◆ WHAT YOU WILL DO: Go through the listing below and retype exactly the lines starting at the one with "Antik 6x Jugendstil" and ending at the one with "Delicate porcelain ramekins", skipping pictures.

◆ SUPPLIED DATA:
▬▬▬
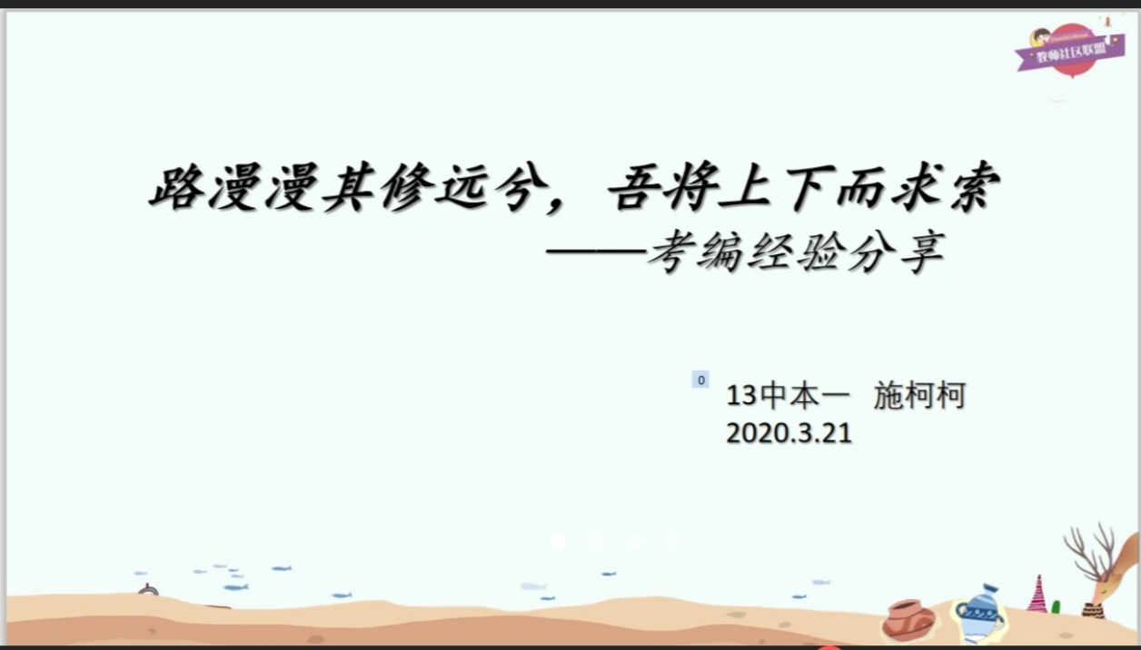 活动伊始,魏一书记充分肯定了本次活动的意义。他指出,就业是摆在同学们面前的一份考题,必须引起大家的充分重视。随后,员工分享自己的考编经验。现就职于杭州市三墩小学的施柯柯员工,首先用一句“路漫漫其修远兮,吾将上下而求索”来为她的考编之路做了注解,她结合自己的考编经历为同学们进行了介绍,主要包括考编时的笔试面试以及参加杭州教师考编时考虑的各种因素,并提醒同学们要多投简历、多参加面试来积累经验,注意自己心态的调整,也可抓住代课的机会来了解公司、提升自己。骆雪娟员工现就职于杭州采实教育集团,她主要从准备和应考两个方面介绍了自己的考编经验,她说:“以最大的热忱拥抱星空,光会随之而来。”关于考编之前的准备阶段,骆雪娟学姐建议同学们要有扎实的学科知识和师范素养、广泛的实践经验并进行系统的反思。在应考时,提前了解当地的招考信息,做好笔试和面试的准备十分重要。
▬▬▬
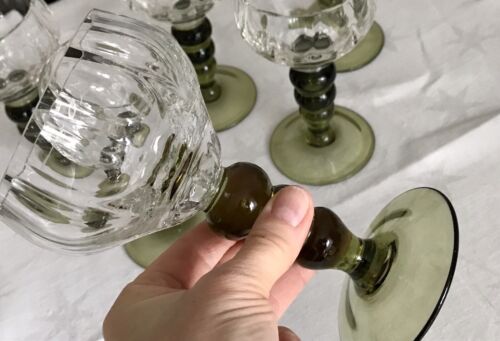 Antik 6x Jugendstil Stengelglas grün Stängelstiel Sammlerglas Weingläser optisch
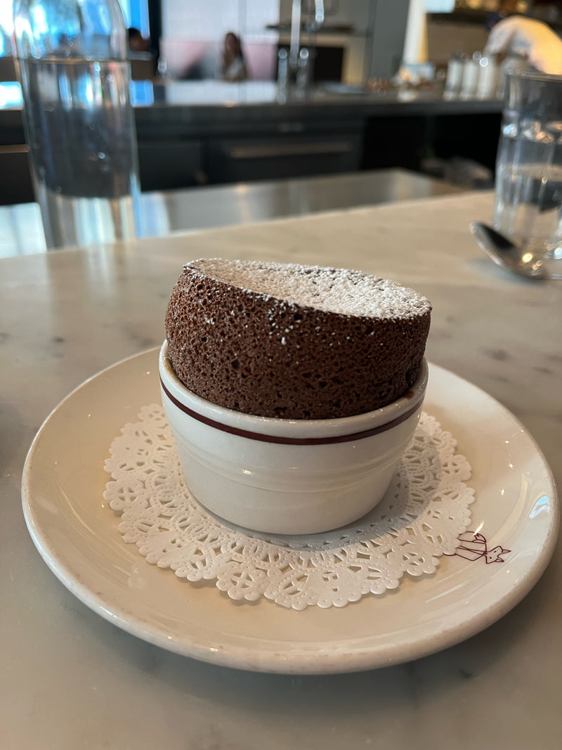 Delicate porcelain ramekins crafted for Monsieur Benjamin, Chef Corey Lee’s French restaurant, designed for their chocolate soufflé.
▬▬▬
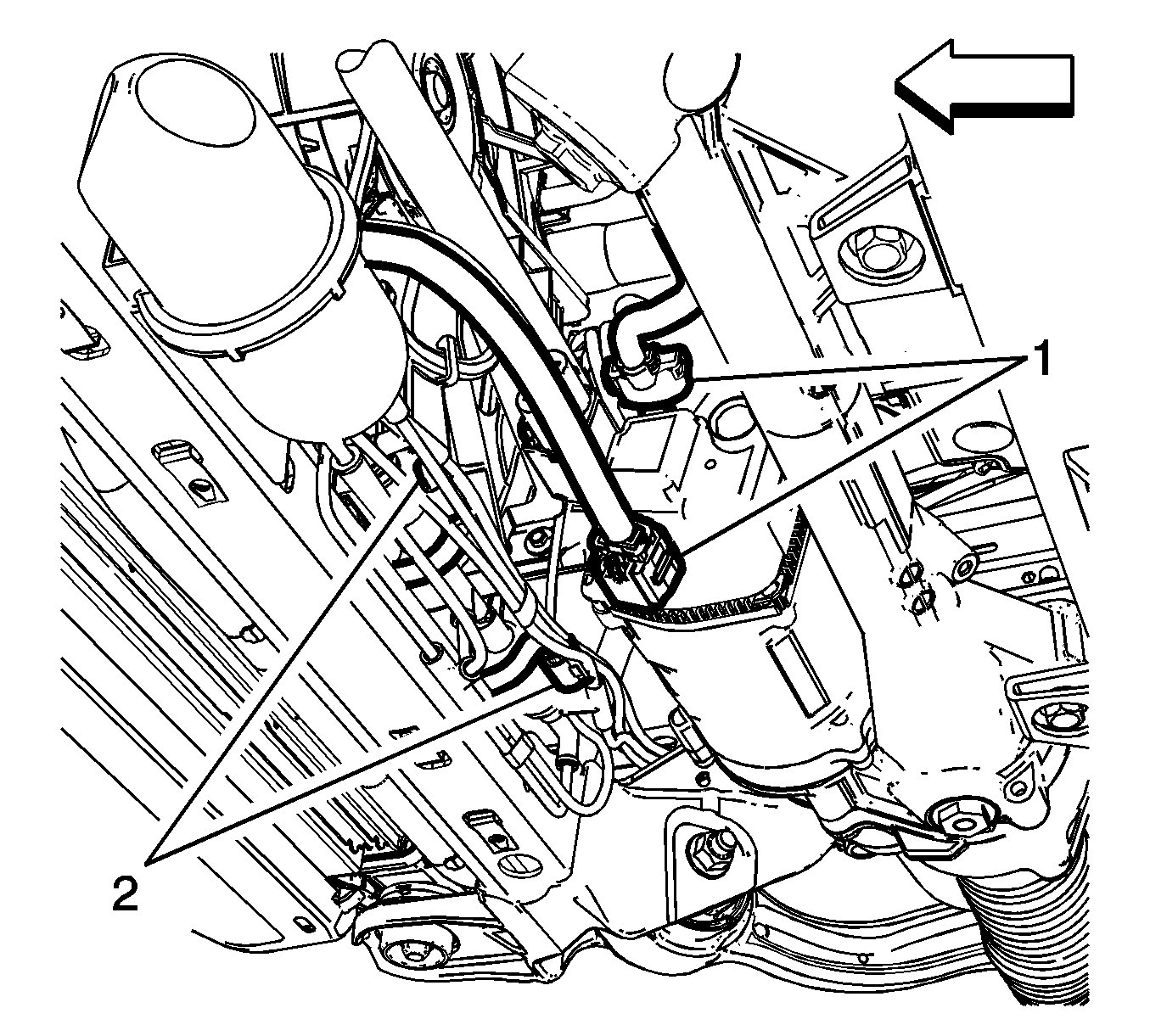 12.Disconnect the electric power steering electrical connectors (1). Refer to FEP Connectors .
▬▬▬
◆ WRITTEN REPLY:
 Antik 6x Jugendstil Stengelglas grün Stängelstiel Sammlerglas Weingläser optisch
 Delicate porcelain ramekins crafted for Monsieur Benjamin, Chef Corey Lee’s French restaurant, designed for their chocolate soufflé.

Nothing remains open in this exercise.